■ Exercise ■
Nothing but an exact copy is asked for: the lines in the material below from the one with "- Deux supports" through the one with "當季繡球花和8枝精選粉紅玫瑰, 當季襯葉,及時令伴花", pictures excluded.

■ Data for this task ■
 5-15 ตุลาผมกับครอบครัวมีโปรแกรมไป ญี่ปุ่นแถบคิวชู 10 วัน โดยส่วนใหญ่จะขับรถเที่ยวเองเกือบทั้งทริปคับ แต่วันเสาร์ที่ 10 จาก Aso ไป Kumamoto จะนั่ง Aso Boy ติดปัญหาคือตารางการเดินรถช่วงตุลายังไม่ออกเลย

...

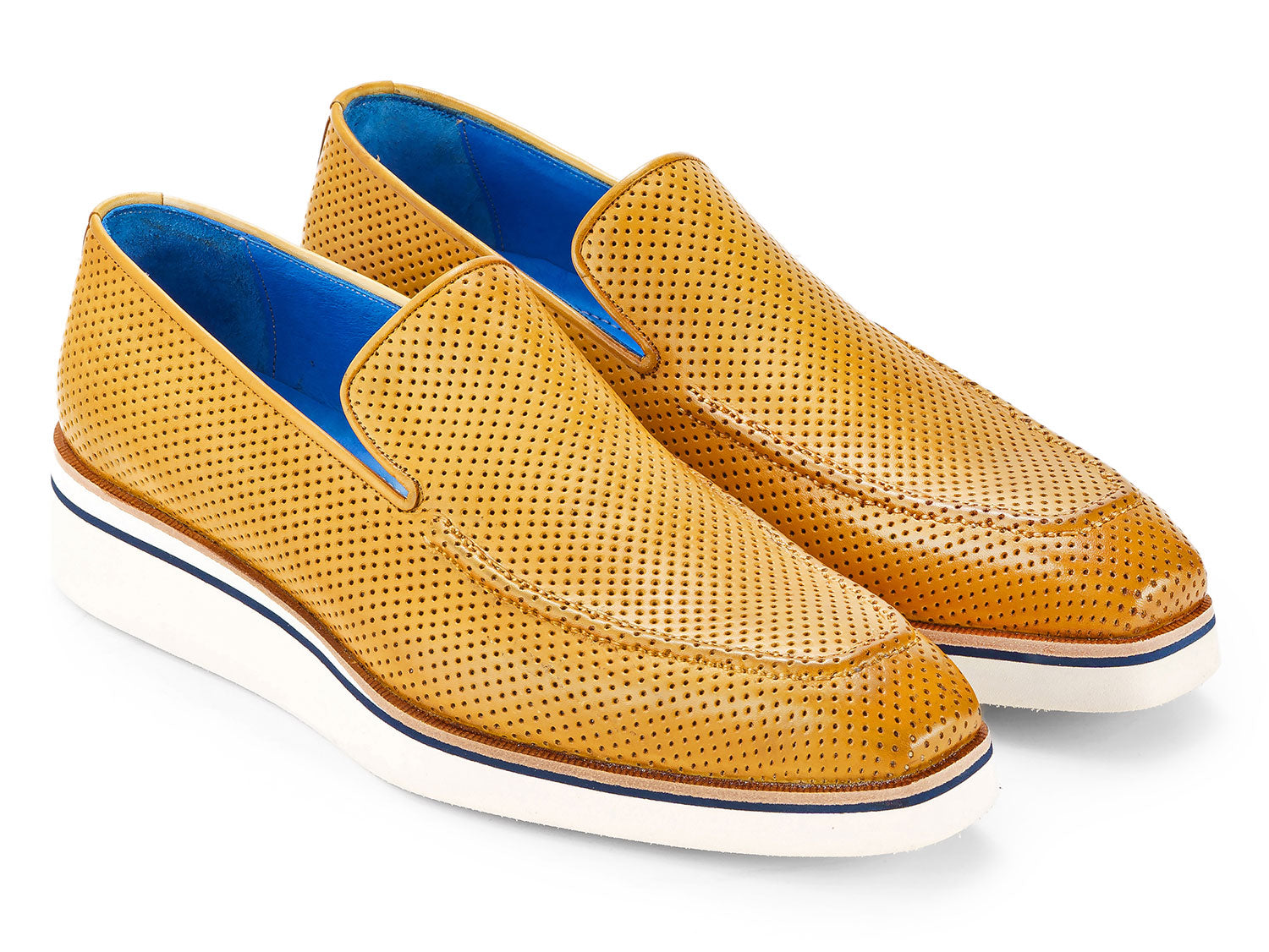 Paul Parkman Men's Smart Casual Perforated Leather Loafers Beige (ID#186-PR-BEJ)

---

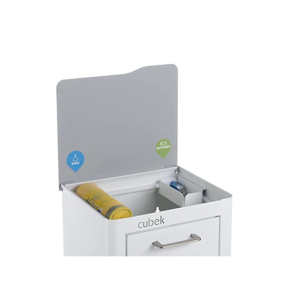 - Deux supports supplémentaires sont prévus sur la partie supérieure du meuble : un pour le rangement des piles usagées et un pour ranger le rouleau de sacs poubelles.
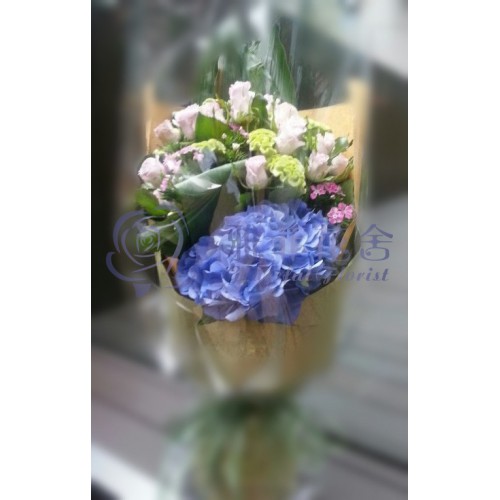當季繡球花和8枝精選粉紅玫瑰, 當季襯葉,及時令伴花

■ Result ■
 - Deux supports supplémentaires sont prévus sur la partie supérieure du meuble : un pour le rangement des piles usagées et un pour ranger le rouleau de sacs poubelles.
當季繡球花和8枝精選粉紅玫瑰, 當季襯葉,及時令伴花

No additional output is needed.